(HOW TO COMPLETE THIS TASK) In the entries below, find the line with "Інвертор-перетворювач AC/DC 1000W" and the line with "冬休みの課題でもある、なわとび検定カードを計画的に進めましょう。"; reproduce those two lines and all lines between them exactly, without pictures.

(INPUT DATA)
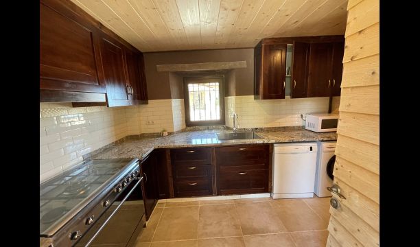 A la primera planta, hi ha unacuina molt gran, que està molt ben equipada amb rentaplats, placa vitroceràmica, forn, microones >, una nevera triple i molt més. A la mateixa sala gran, hi ha unataula de menjador llarga perquè pugueu dinar tots junts.
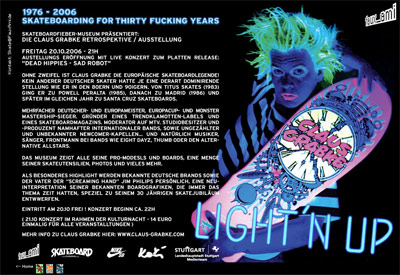 Ohne Zweifel ist Claus Grabke die europäische Skateboardlegende! Kein anderer deutscher Skater hatte je eine derart dominirende Stellung wie er in den 80ern und 90igern. Mehrfacher Deutscher- und Europameister, Europacup- und Monster Mastership-Sieger. Gründer eines Trendklamotten-labels und eines Skateboardmagazins. Moderator auf MTV. Studiobesitzer und -produzent namhafter internationaler Bands, sowie ungezählter und unbekannter Newcomer-Kapellen...und natürlich Musiker, Sänger, Frontmann bei Bands wie Eight Dayz, Thumb oder den Alternative Allstars.
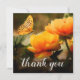 funeral personalizado, obrigado nota em uma placa plana é uma maneira simples de obrigado daqueles que mostraram conforto durante seu tempo de luto. Este cartão apresenta flores amarelas/laranja, uma borboleta bonito e um simples obrigado editável que você modelo.
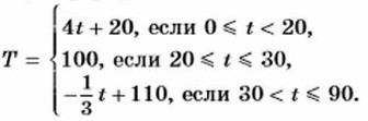 345. Изменение температуры Т (в градусах Цельсия) воды в баке описано с помощью формул:
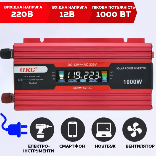 Інвертор-перетворювач AC/DC 1000W 12V з LCD-дисплеєм KC-1000D від VIKIR – це потужний та ефективний пристрій, призначений для перетворення напруги 12V постійного струму в 220V змінного струму. Ідеально підходить для живлення різних електроприладів під час поїздок, кемпінгу або у випадках відсутності доступу до електромережі. Завдяки високій потужності 1000 Вт та зручному LCD-дисплею для контролю за роботою, цей інвертор стане вашим надійним помічником у забезпеченні живлення в будь-яких умовах.
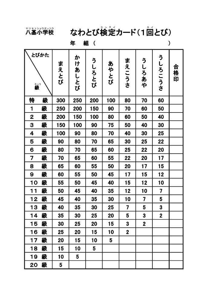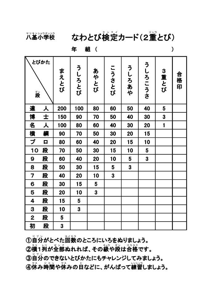 冬休みの課題でもある、なわとび検定カードを計画的に進めましょう。
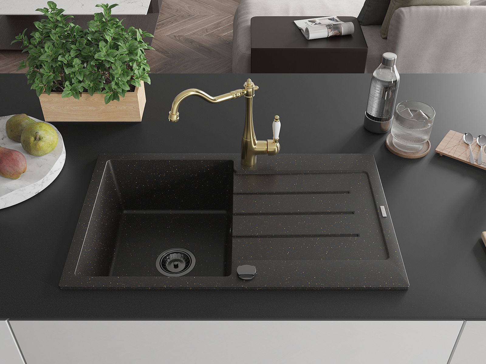 Mexen Bruno Granitspüle 1-Becken mit Abtropffläche und Küchenarmatur Carla, Schwarz/Gold Metallic - 6513-75-670700-50-B
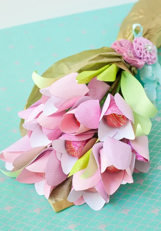 再花点心思,将巧克力做成一束花
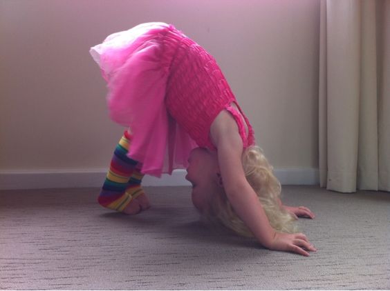 Mô tả: Đây là tư thế khó nhất trong chuỗi tư thế Yoga cùng bé. Đầu tiên, bé vào tư thế như bò trên thảm, chống hai tay hai chân bằng nhau xuống mặt thảm. Sau đó, bạn hướng dẫn bé đẩy hông lên cao, duỗi thẵng hai tay sao cho hai gót chân chạm mặt thảm. Lưu ý, bạn cố gắng chỉnh cho lưng bé và hai chân bé thẳng nếu có thể nhé.
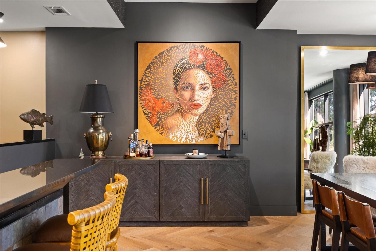 Exceptional luxury residence at 1 S. Eola, a boutique 23-unit low-rise Art Deco condominium overlooking Lake Eola Park. This extensively upgraded 3-bedroom, 3-bath residence with a large separate office offers rare architectural character, luxury finishes, and outstanding indoor-outdoor living. The home features both a second-floor interior entrance and a private ground floor entrance with an exceptionally large garden porch. One of only two ground-floor porches in the entire building, offering the convenience of no elevator wait and making it ideal for pet owners. The ground-level patio includes hot and cold water faucets and a floor drain, perfect for dog washing or outdoor entertaining. Inside, the residence has been thoughtfully renovated with engineered wood flooring throughout the second floor (2023), Britannia stair treads (2023), and black-and-white rectified porcelain “marble” tile flooring on much of the first floor. All interior doors were replaced with solid wood doors in 2024, including oil rubbed bronze Emtek hardware, and Buster & Punch wall switches and outlets were added in 2025. The kitchen and entertaining spaces feature granite countertops, Thermador refrigerator (2024), GE Monogram wine refrigerator (2023) and a new LG stacked washer and dryer (2023) with utility sink added in the laundry room (2023). Two new Carrier air-conditioning systems installed in 2023, hot water heater (2023), and Nest thermostats. Bathrooms are finished with quartz, slate, designer tile and custom wood cabinetry. Designer light fixtures, custom drapes, blinds and wood shutters (2024 – 2025) enhance the home’s refined style, along with Phillip Jeffries designer wallpaper and grasscloth wall coverings (2025). The residence offers two outdoor porches, including a rare oversized round second-floor balcony-one of only three in the building directly overlooking Lake Eola Park, providing exceptional views of the lake, park, and city skyline. Parking is equally rare with two deeded garage spaces, including one oversized space which is closest to the building’s door, with private built-in storage. Dogs are allowed (up to two, with weight and breed restrictions), and the unit may be sold furnished (Restoration Hardware, Washburn Imports, etc.). Truly a turnkey luxury opportunity in the heart of Downtown Orlando.

(SOLUTION TO THE EXERCISE)
 Інвертор-перетворювач AC/DC 1000W 12V з LCD-дисплеєм KC-1000D від VIKIR – це потужний та ефективний пристрій, призначений для перетворення напруги 12V постійного струму в 220V змінного струму. Ідеально підходить для живлення різних електроприладів під час поїздок, кемпінгу або у випадках відсутності доступу до електромережі. Завдяки високій потужності 1000 Вт та зручному LCD-дисплею для контролю за роботою, цей інвертор стане вашим надійним помічником у забезпеченні живлення в будь-яких умовах.
 冬休みの課題でもある、なわとび検定カードを計画的に進めましょう。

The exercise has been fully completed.